REQUIRED WORK: Print what the records say exactly, and omit the pictures.
-=-=-
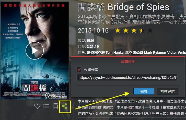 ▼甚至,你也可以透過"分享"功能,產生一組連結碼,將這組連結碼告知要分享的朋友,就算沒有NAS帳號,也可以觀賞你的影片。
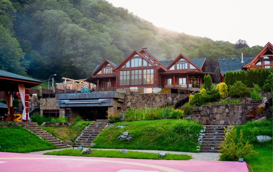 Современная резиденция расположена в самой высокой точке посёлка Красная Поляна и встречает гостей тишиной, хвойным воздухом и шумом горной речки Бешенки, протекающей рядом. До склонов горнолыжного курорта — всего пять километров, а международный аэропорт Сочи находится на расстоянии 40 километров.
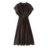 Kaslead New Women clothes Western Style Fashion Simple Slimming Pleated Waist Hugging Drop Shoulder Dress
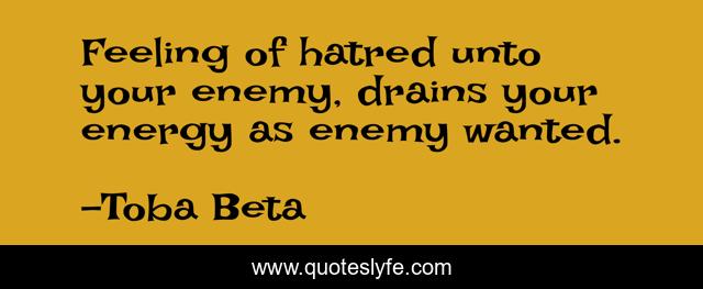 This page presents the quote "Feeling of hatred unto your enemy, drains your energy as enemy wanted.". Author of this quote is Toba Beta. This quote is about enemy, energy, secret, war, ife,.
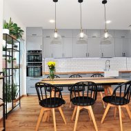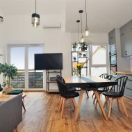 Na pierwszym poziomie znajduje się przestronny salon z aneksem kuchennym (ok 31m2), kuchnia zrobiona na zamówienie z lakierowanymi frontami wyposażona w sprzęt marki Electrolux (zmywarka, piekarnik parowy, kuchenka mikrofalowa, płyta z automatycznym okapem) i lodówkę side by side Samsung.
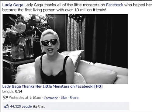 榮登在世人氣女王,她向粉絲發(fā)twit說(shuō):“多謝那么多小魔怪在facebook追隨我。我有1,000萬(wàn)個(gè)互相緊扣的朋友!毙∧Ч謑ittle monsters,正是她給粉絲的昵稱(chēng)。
-=-=-
SOLUTION TO THIS PROBLEM:
 ▼甚至,你也可以透過"分享"功能,產生一組連結碼,將這組連結碼告知要分享的朋友,就算沒有NAS帳號,也可以觀賞你的影片。
 Современная резиденция расположена в самой высокой точке посёлка Красная Поляна и встречает гостей тишиной, хвойным воздухом и шумом горной речки Бешенки, протекающей рядом. До склонов горнолыжного курорта — всего пять километров, а международный аэропорт Сочи находится на расстоянии 40 километров.
 Kaslead New Women clothes Western Style Fashion Simple Slimming Pleated Waist Hugging Drop Shoulder Dress
 This page presents the quote "Feeling of hatred unto your enemy, drains your energy as enemy wanted.". Author of this quote is Toba Beta. This quote is about enemy, energy, secret, war, ife,.
 Na pierwszym poziomie znajduje się przestronny salon z aneksem kuchennym (ok 31m2), kuchnia zrobiona na zamówienie z lakierowanymi frontami wyposażona w sprzęt marki Electrolux (zmywarka, piekarnik parowy, kuchenka mikrofalowa, płyta z automatycznym okapem) i lodówkę side by side Samsung.
 榮登在世人氣女王,她向粉絲發(fā)twit說(shuō):“多謝那么多小魔怪在facebook追隨我。我有1,000萬(wàn)個(gè)互相緊扣的朋友!毙∧Ч謑ittle monsters,正是她給粉絲的昵稱(chēng)。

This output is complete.